» Task instructions:
Leave the pictures out, and print everything else in the records exactly.

» Given records:
* * * *

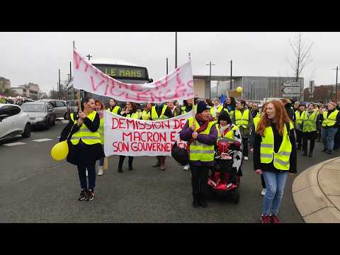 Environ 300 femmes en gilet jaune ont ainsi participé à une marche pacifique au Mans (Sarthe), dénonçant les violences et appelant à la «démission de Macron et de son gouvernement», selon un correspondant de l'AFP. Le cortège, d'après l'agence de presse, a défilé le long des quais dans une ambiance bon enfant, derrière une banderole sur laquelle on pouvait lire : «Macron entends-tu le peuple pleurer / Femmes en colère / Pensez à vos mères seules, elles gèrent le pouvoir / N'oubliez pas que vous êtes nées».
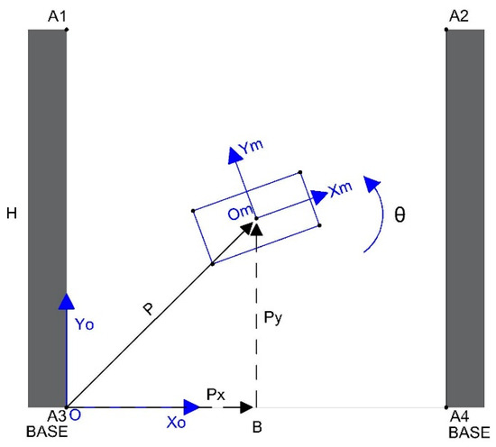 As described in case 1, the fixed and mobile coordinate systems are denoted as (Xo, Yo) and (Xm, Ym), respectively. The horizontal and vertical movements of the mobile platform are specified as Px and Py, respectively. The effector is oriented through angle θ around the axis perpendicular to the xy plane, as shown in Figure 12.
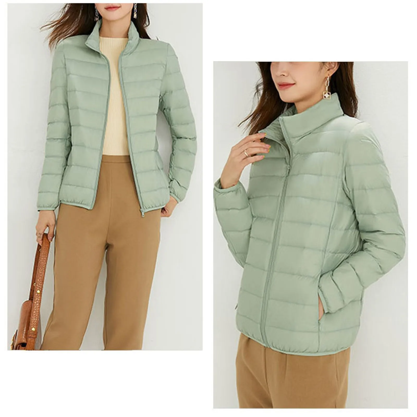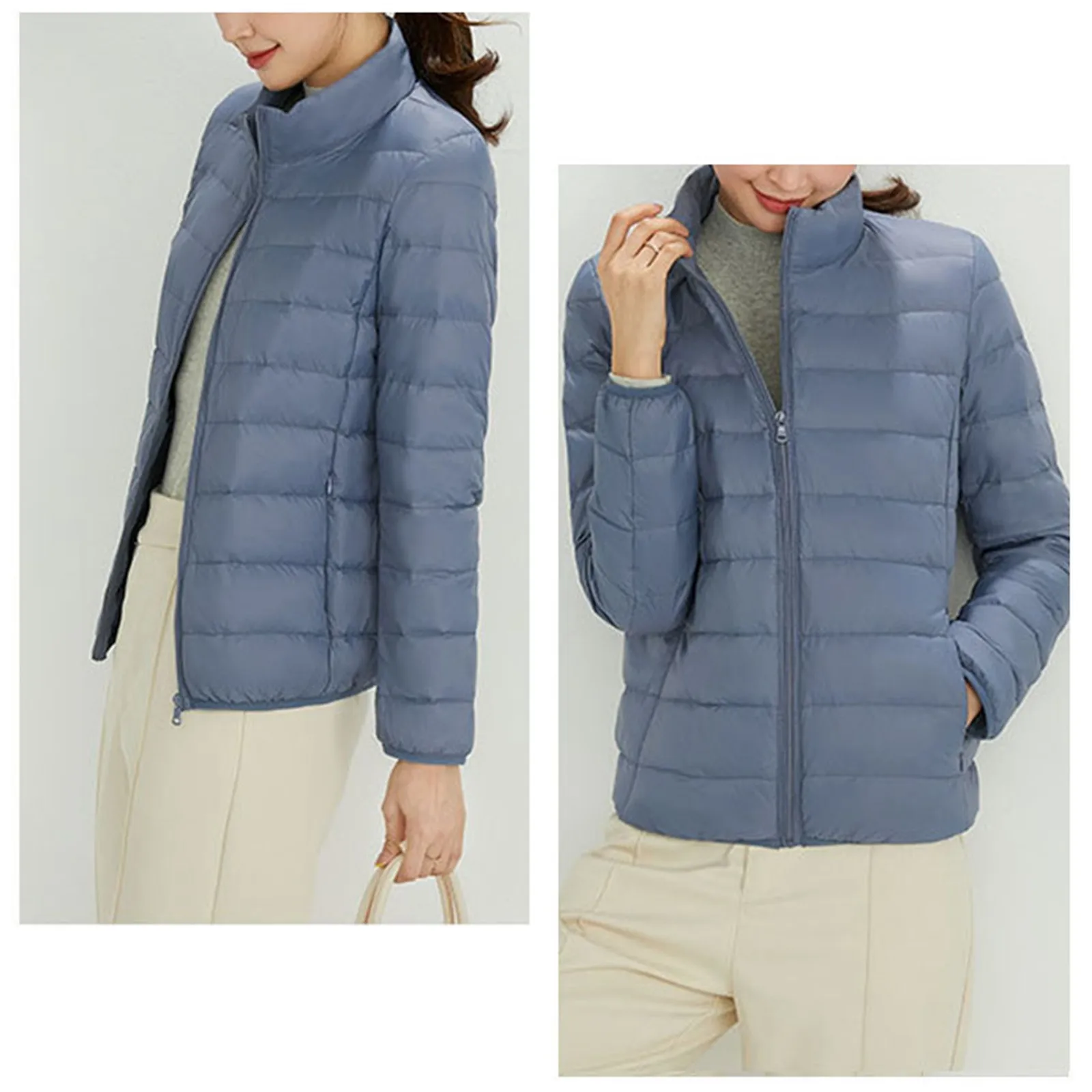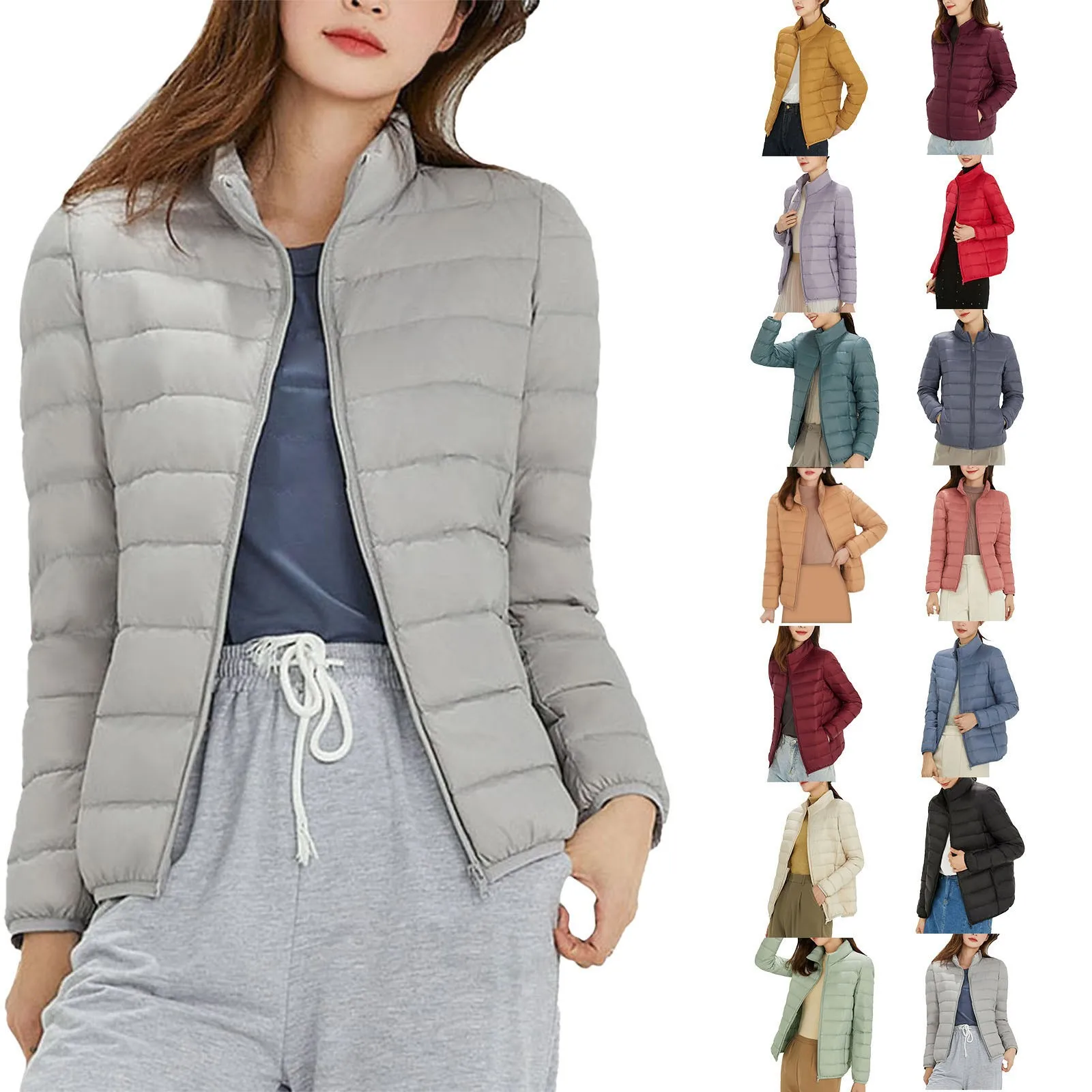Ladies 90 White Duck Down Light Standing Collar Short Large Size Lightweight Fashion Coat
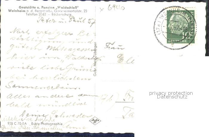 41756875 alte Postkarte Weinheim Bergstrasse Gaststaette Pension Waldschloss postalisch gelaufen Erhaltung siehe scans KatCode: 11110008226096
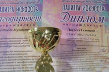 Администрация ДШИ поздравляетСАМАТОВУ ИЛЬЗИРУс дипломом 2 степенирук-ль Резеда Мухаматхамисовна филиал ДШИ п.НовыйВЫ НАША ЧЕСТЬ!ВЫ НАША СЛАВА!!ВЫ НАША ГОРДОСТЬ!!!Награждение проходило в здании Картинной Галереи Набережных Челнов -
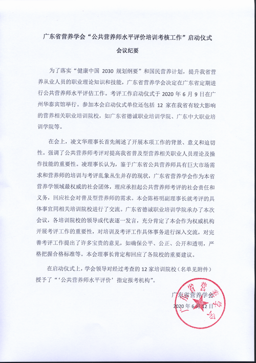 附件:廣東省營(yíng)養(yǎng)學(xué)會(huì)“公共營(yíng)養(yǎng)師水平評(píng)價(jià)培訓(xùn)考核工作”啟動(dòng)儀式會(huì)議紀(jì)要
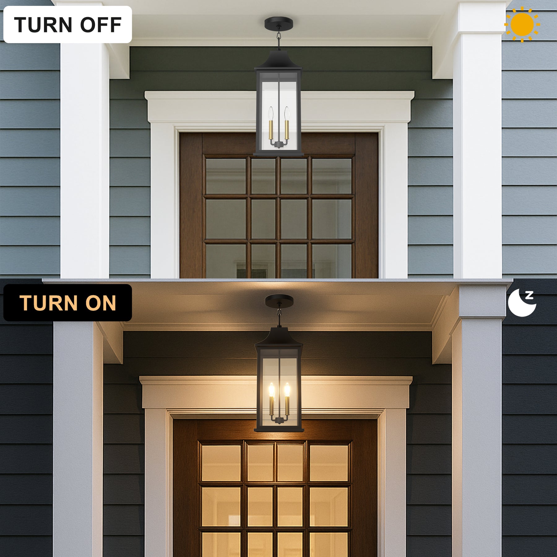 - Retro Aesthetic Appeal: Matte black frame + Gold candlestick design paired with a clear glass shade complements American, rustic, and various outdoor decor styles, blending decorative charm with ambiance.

* * * *

» Result for this exercise:
 Environ 300 femmes en gilet jaune ont ainsi participé à une marche pacifique au Mans (Sarthe), dénonçant les violences et appelant à la «démission de Macron et de son gouvernement», selon un correspondant de l'AFP. Le cortège, d'après l'agence de presse, a défilé le long des quais dans une ambiance bon enfant, derrière une banderole sur laquelle on pouvait lire : «Macron entends-tu le peuple pleurer / Femmes en colère / Pensez à vos mères seules, elles gèrent le pouvoir / N'oubliez pas que vous êtes nées».
 As described in case 1, the fixed and mobile coordinate systems are denoted as (Xo, Yo) and (Xm, Ym), respectively. The horizontal and vertical movements of the mobile platform are specified as Px and Py, respectively. The effector is oriented through angle θ around the axis perpendicular to the xy plane, as shown in Figure 12.
Ladies 90 White Duck Down Light Standing Collar Short Large Size Lightweight Fashion Coat
 41756875 alte Postkarte Weinheim Bergstrasse Gaststaette Pension Waldschloss postalisch gelaufen Erhaltung siehe scans KatCode: 11110008226096
 Администрация ДШИ поздравляетСАМАТОВУ ИЛЬЗИРУс дипломом 2 степенирук-ль Резеда Мухаматхамисовна филиал ДШИ п.НовыйВЫ НАША ЧЕСТЬ!ВЫ НАША СЛАВА!!ВЫ НАША ГОРДОСТЬ!!!Награждение проходило в здании Картинной Галереи Набережных Челнов -
 附件:廣東省營(yíng)養(yǎng)學(xué)會(huì)“公共營(yíng)養(yǎng)師水平評(píng)價(jià)培訓(xùn)考核工作”啟動(dòng)儀式會(huì)議紀(jì)要
 - Retro Aesthetic Appeal: Matte black frame + Gold candlestick design paired with a clear glass shade complements American, rustic, and various outdoor decor styles, blending decorative charm with ambiance.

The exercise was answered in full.